The Submaster waited with a keen anticipation.

“You’ve been a captain for barely twelve decades,” she pointed out. “You’re still learning your own little job, and I doubt if you know much about the history of your new profession. Which makes me wonder why you are the expert. Where did you learn about a creature that the rest of us didn’t hear about until today?”

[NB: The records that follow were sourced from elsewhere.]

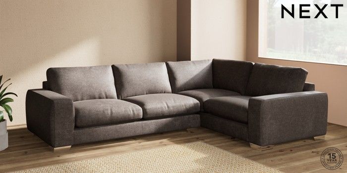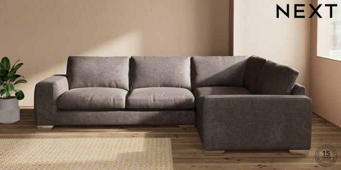 7.2.10 Houghton Deep Relaxed Sit Large Corner Sofa - Right Hand Plush Chenille Mink Brown Large Square Angle - Chrome Metal | Made Click here to use our website with more accessibility support, for example screen readers
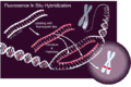 التهجين الموضعي المتألق (بالإنجليزية: Fluorescent in situ hybridization) هو تقنية خلوية تعتمد فكرة التهجين الموضعي للتحري عن وجود تسلسلات دنوية معينة بغية تشخيص المرض أو متابعة العلاج.[1][2][3] يتم استخدام مسبار يحتوي على صبغات متألقة يتم رأيتها باستخدام مجهر متألق في حالة وجود التسلسل الدنوي المطلوب. من بعض الأمراض التي يتم تشخيصها بهذه الطريقة متلازمة داون وأبيضاض الدم.
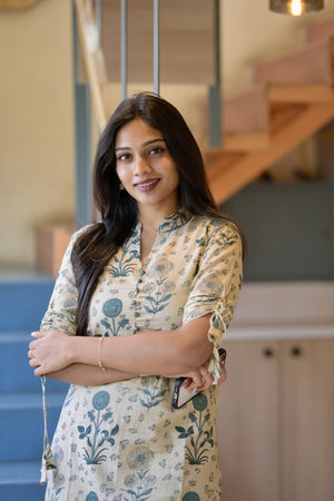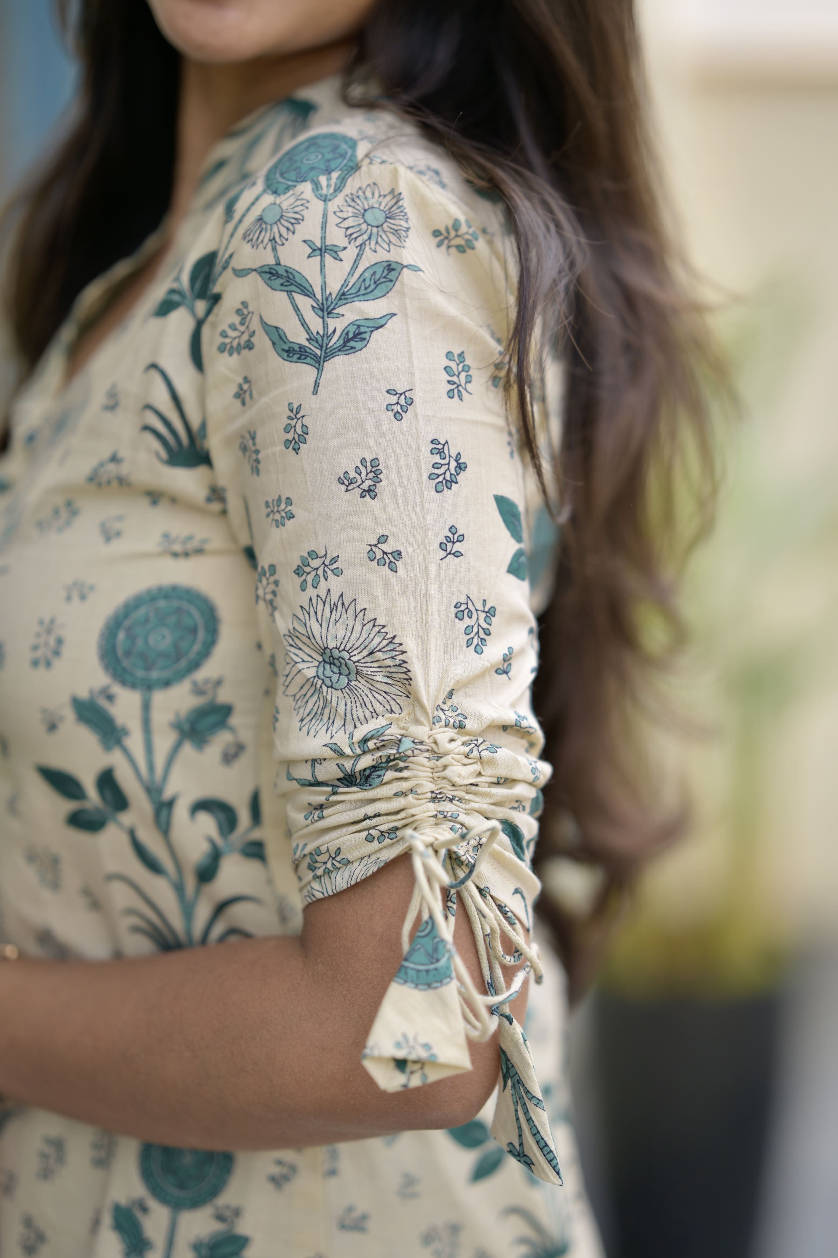 Floral hand block printed cotton kurta set with a smart collar neckline, gathered sleeves with knot detailing . Comes with matching trousers with functional pockets. Perfect for office / college
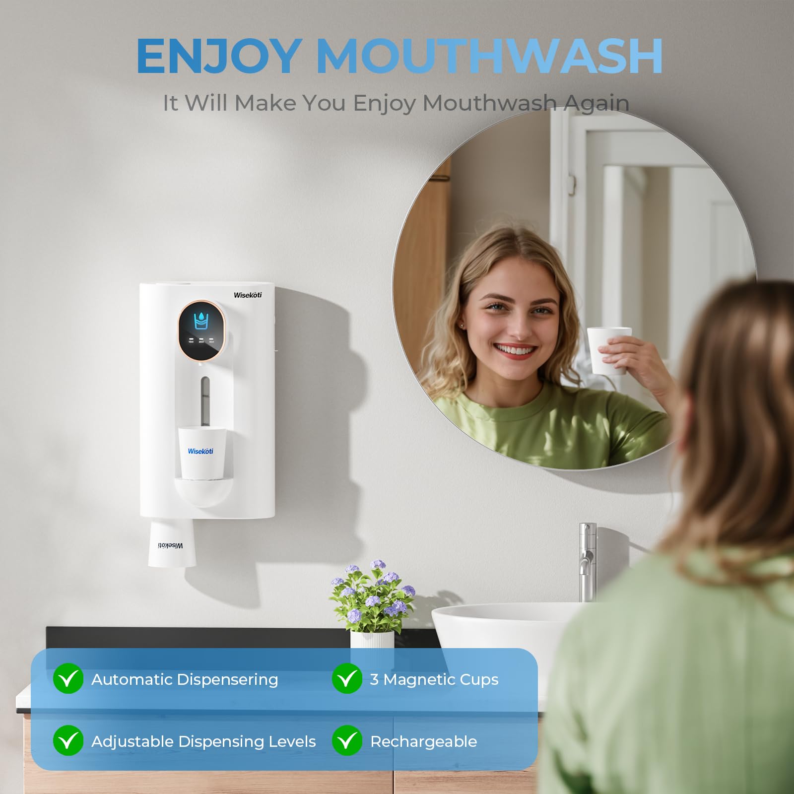 - 【Enjoy Mouthwash】The Automatic Mouthwash Dispenser's 3 Adjustable Dispensing Levels, 3 Different Colored Markings Magnetic Cups, And Sophisticated Design All Of These Will Make You Enjoy Mouthwash Again. We Are Very Confident You Will Love Our Product. We Offer A One-Year Warranty for Your Peace of Mind. Please Feel Free to Contact Us If You Have Any Questions about the Use of The Product.
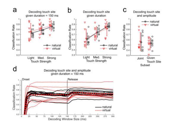 圖8(d)顯示了在固定持續(xù)時間的觸摸下解碼觸摸位置和幅度時,跨一系列窗口大小的分類率。可以看出,對于解碼觸摸部位和幅度,分類率在觸摸開始后15–20 ms達(dá)到峰值,并在整個觸摸窗口中保持較高水平,觸摸結(jié)束后不久略有增加。圖8.從自然(黑色)和虛擬(紅色)觸摸反應(yīng)中正確推斷觸摸參數(shù)的性能。解碼使用廣義分類器——其線性判別分析(LDA)投影使用自然和虛擬觸摸的反應(yīng)進(jìn)行訓(xùn)練。預(yù)測時,新示例首先投影,然后基于最近的自然觸摸均值進(jìn)行分類。分類率計算為(正確分類試驗數(shù))/(總試驗數(shù)),基于8次蒙特卡洛訓(xùn)練/測試數(shù)據(jù)選擇(2/3訓(xùn)練,1/3測試)。數(shù)據(jù)點代表動物。誤差條顯示動物間的±1標(biāo)準(zhǔn)差。(a)僅考慮短(150 ms)持續(xù)時間的輕、中或強刺激試驗時的解碼率。(b)已知觸摸強度時解碼持續(xù)時間和觸摸部位的分類率。(c)第一列顯示所有試驗的分類率,第二列顯示已知觸摸部位時解碼幅度和持續(xù)時間的準(zhǔn)確性。(d)不同窗口大小的分類率。細(xì)線代表動物,粗線顯示動物平均值。
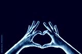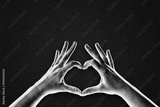 Hands in the Form of Heart Sign in Black and White on Textured Paper Background, Copy Space
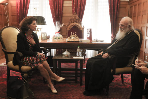 Το μεσημέρι ο Αρχιεπίσκοπος είχε εθιμοτυπική συνάντηση με την Πρέσβη της Γαλλίας στην Ελλάδα κυρία Laurence Auer. Η Πρέσβης ευχαρίστησε τον Αρχιεπίσκοπο για την υποδοχή και αναφέρθηκε στην καλή σχέση που είχε πάντοτε με τους Προκαθήμενους των ορθοδόξων Εκκλησιών, όπου υπηρέτησε ως Πρέσβης, ενώ έκανε λόγο και για τον σημαντικό ρόλο της Εκκλησίας στην παιδεία και την εκπαίδευση. Υπογράμμισε ότι είναι στην διάθεση του Αρχιεπισκόπου για οποιαδήποτε συνεργασία. Ο Αρχιεπίσκοπος καλωσόρισε την Πρέσβη και την ευχαρίστησε για συνάντηση. Αναφέρθηκαν στο Μοναστήρι του Οσίου Λουκά στην Βοιωτία, αλλά και σε άλλα σημαντικά βυζαντινά μνημεία της χώρας.

With both of his mouths, Osmium smiled.

Then with a deep and honest pleasure, he explained, “Before you were born … before any of you were prophecies written on your parents’ seed … I spent a few happy centuries as the husband of that strange little human being …”

Seven

As a boy, Locke had always been quiet and thoughtful. The only child produced by two of the most ambitious captains, he had inherited something about their appearance and a blend of their keen intelligence but nothing of their innate desire to lead others. On a diet of Marrow nuts and grilled insects, he had grown into a moderate-sized young man, healthy in every measurable way, but distinctly and forever different. He was strong and smoothly graceful. He had his father’s eyes, busy and bright and always intense. He had much of his mother’s face and seamless confidence. But he had absolutely no interest in controlling any group or manipulating any cause, no matter how worthwhile. After much consideration, his mother had decided that it wasn’t an absence of ability; genetic shuffling hadn’t stolen away any inborn talent, and he didn’t lack for an education in the art of inspiring other souls. No, it was simply that Locke easily saw great and noble causes that to others, including his parents, were abstract and perhaps a little questionable—ethereal realms where dream and theory danced together along chains of infinite and infinitely perplexing equations.

As a young man, Locke fell in love with the Waywards’ beliefs. One of their major tenets was that in the remote past, when the universe was tiny and young, there were the Builders who created the Great Ship, and the Bleak who had tried to steal it. Then both died away, for a time. The universe was left as a sterile realm, expanding outward, with the ship wandering through the deepest, coldest reaches of space. Then the Bleak were reincarnated, and they found the ship and took it for themselves. Humans were the Bleak, claimed the Waywards. Unless of course you happened to be one of the humans conceived on Marrow, which made you into the Builders reborn, and how could it not be your duty and sole purpose to reclaim the Great Ship, taking it for yourself and your magnificent ancestors?